---- SUPPLIED MATERIAL
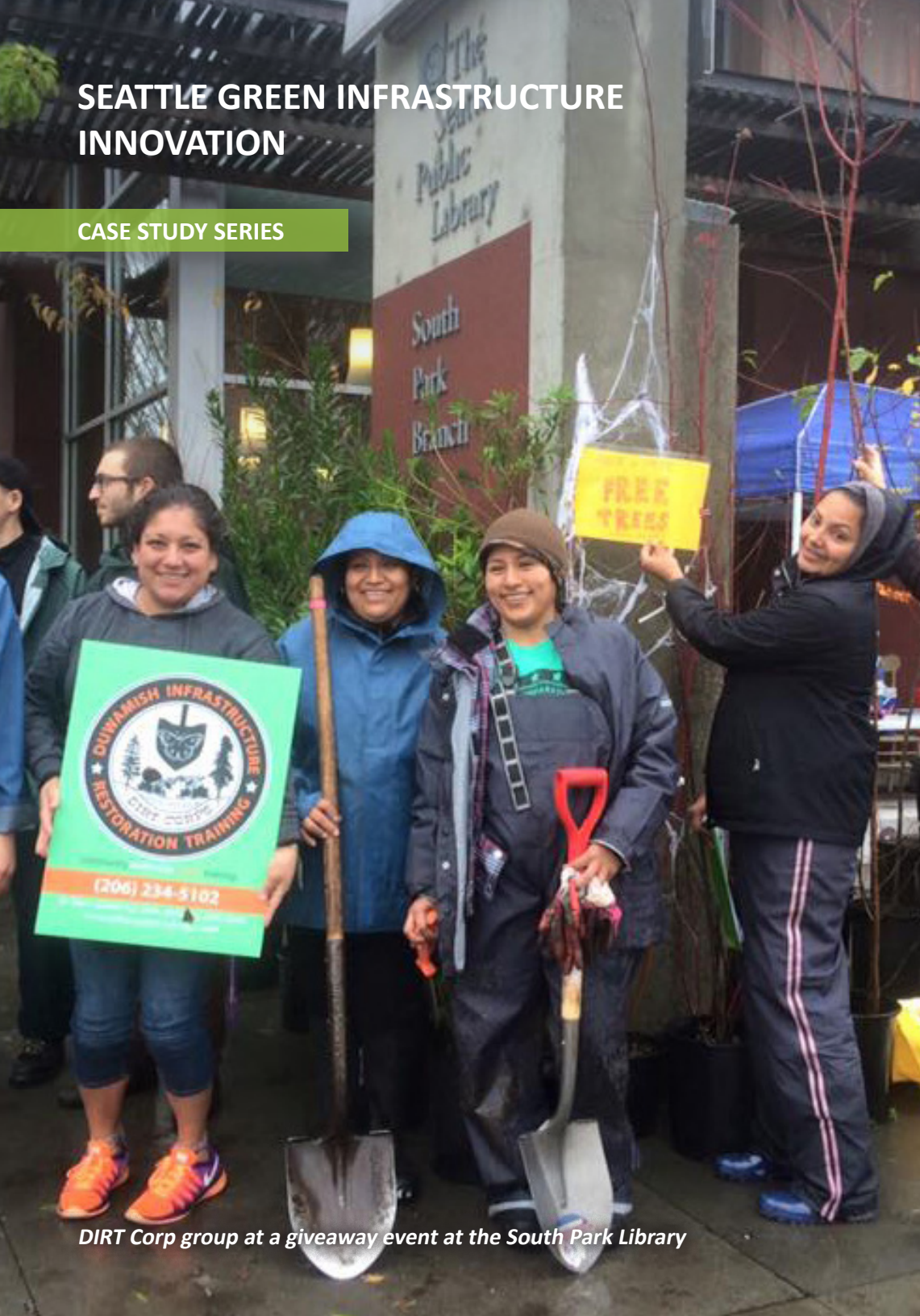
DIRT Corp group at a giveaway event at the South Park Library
--------
---- SUPPLIED MATERIAL
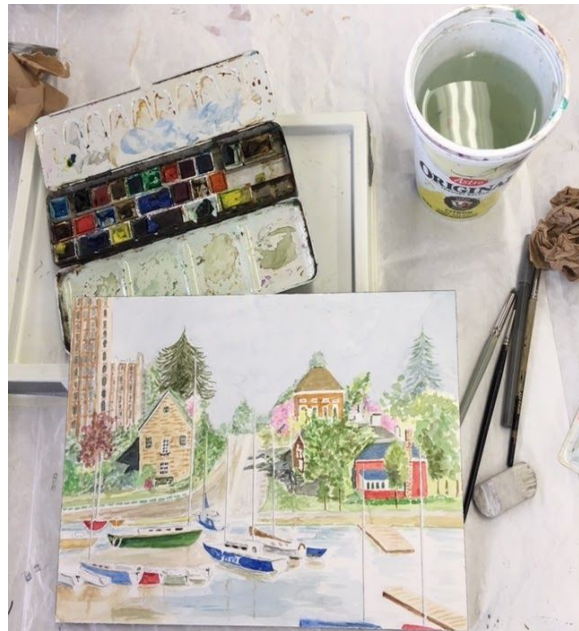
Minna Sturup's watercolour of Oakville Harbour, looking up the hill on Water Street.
--------
---- SUPPLIED MATERIAL
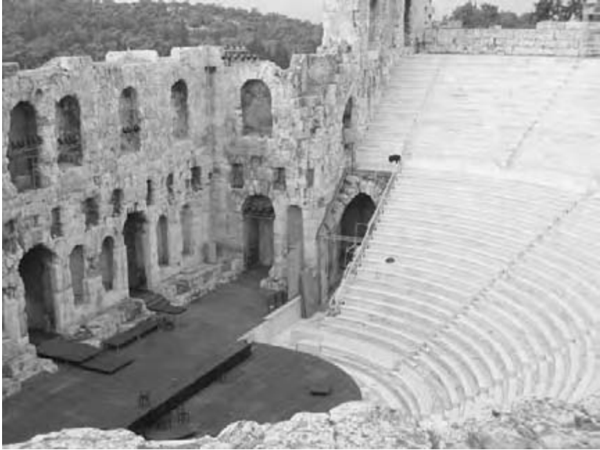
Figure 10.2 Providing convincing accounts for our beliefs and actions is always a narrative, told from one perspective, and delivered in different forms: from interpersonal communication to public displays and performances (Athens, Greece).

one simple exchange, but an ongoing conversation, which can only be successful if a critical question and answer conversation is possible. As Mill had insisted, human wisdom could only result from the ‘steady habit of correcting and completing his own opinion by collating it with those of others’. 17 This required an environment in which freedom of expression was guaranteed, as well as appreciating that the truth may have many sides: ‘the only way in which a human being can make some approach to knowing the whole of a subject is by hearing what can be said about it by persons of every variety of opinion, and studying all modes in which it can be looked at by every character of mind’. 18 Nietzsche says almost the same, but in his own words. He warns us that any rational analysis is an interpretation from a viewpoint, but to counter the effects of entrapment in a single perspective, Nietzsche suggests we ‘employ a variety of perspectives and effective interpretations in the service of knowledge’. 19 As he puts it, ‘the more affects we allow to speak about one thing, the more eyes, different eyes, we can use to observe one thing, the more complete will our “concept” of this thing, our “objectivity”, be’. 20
--------
→ EXERCISE PROMPT
In the listing above, find the line containing "Figure 10.2 Providing" and the line containing "one simple exchange, but". Output them and every line between, exactly, and nothing else.

→ EXERCISE SOLUTION
Figure 10.2 Providing convincing accounts for our beliefs and actions is always a narrative, told from one perspective, and delivered in different forms: from interpersonal communication to public displays and performances (Athens, Greece).

one simple exchange, but an ongoing conversation, which can only be successful if a critical question and answer conversation is possible. As Mill had insisted, human wisdom could only result from the ‘steady habit of correcting and completing his own opinion by collating it with those of others’. 17 This required an environment in which freedom of expression was guaranteed, as well as appreciating that the truth may have many sides: ‘the only way in which a human being can make some approach to knowing the whole of a subject is by hearing what can be said about it by persons of every variety of opinion, and studying all modes in which it can be looked at by every character of mind’. 18 Nietzsche says almost the same, but in his own words. He warns us that any rational analysis is an interpretation from a viewpoint, but to counter the effects of entrapment in a single perspective, Nietzsche suggests we ‘employ a variety of perspectives and effective interpretations in the service of knowledge’. 19 As he puts it, ‘the more affects we allow to speak about one thing, the more eyes, different eyes, we can use to observe one thing, the more complete will our “concept” of this thing, our “objectivity”, be’. 20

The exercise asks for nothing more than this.